Material provided: Begin

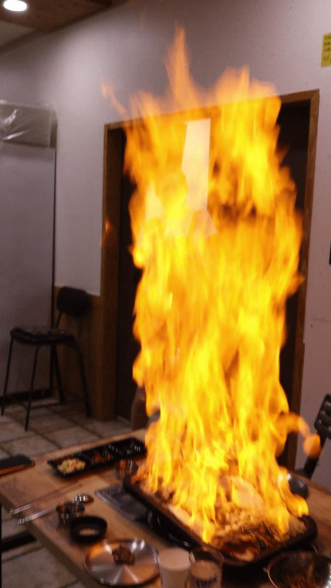 불쇼 대박이죠!!! 뚜벅이 부부 식당에서 이렇게 큰 불쇼 처음 봤어요..!!!! 보통은 그냥 불판 위에서 불이 화르륵 하고 마는데 나주육곱식당은 불이 활활활해요!!!🤣🤣🤣 저 흥분한 거 느껴지시죠?!?!ㅋㅋㅋ
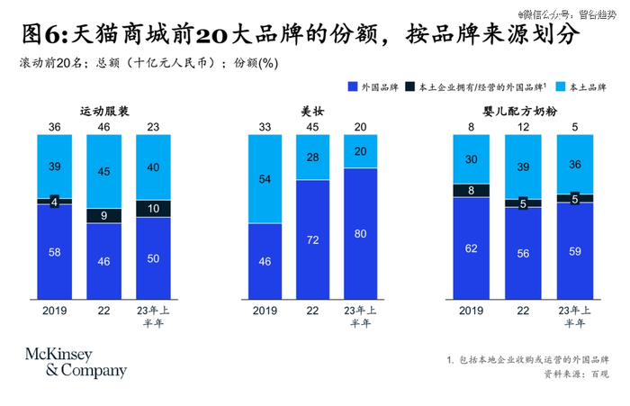 *,国货崛起的故事难续:麦肯锡的最新预测提到,虽然中国消费者声称更喜欢国产品牌,但在某些情况下,他们可能只是更钟意物有所值、并满足需求的品牌。2023年双11已有端倪,天猫商城外国品牌在运动服装、营养品的市场份额有所回升,美妆市场份额持续扩大。
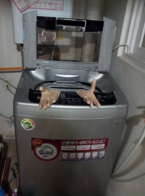 사진에는 뚜껑이 열린 세탁기에 널려있는 고무 장갑을 볼 수 있다. 그런데 이 모습이 마치 세탁기 안에서 사림의 손만 나와 있는 것 같은 착각을 불러와 눈길을 끈 것.
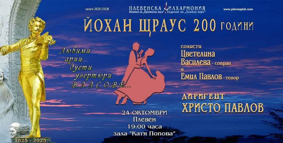 Плевенска филхармония ви кани на концерт по случай 200 години от рождението на Йохан Щраус: Концерт със солисти Цветелина Василева и Емил Павлов на 24 Октомври, в Зала "Катя Попова"
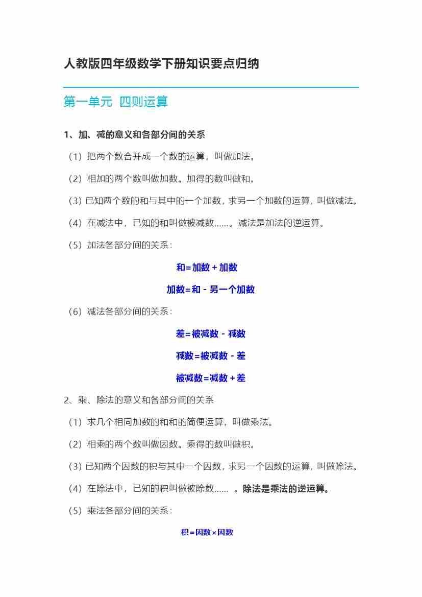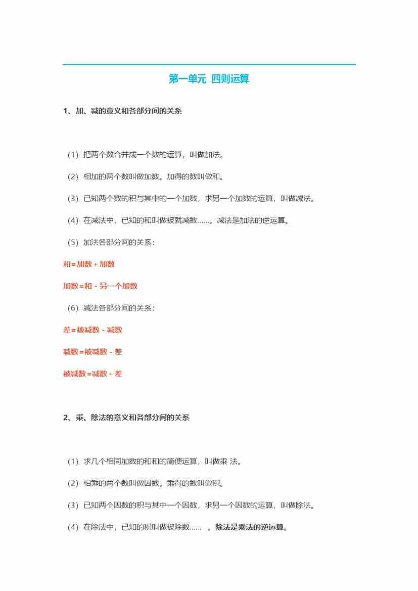 第1讲 四则运算(学生版)(知识梳理+典例分析+举一反三+阶梯训练)人教新课标版

Material provided: End

> Exercise details:
Reproduce all the data as it stands. The pictures are not part of the copy.

> The completed task:
 불쇼 대박이죠!!! 뚜벅이 부부 식당에서 이렇게 큰 불쇼 처음 봤어요..!!!! 보통은 그냥 불판 위에서 불이 화르륵 하고 마는데 나주육곱식당은 불이 활활활해요!!!🤣🤣🤣 저 흥분한 거 느껴지시죠?!?!ㅋㅋㅋ
 *,国货崛起的故事难续:麦肯锡的最新预测提到,虽然中国消费者声称更喜欢国产品牌,但在某些情况下,他们可能只是更钟意物有所值、并满足需求的品牌。2023年双11已有端倪,天猫商城外国品牌在运动服装、营养品的市场份额有所回升,美妆市场份额持续扩大。
 사진에는 뚜껑이 열린 세탁기에 널려있는 고무 장갑을 볼 수 있다. 그런데 이 모습이 마치 세탁기 안에서 사림의 손만 나와 있는 것 같은 착각을 불러와 눈길을 끈 것.
 Плевенска филхармония ви кани на концерт по случай 200 години от рождението на Йохан Щраус: Концерт със солисти Цветелина Василева и Емил Павлов на 24 Октомври, в Зала "Катя Попова"
 第1讲 四则运算(学生版)(知识梳理+典例分析+举一反三+阶梯训练)人教新课标版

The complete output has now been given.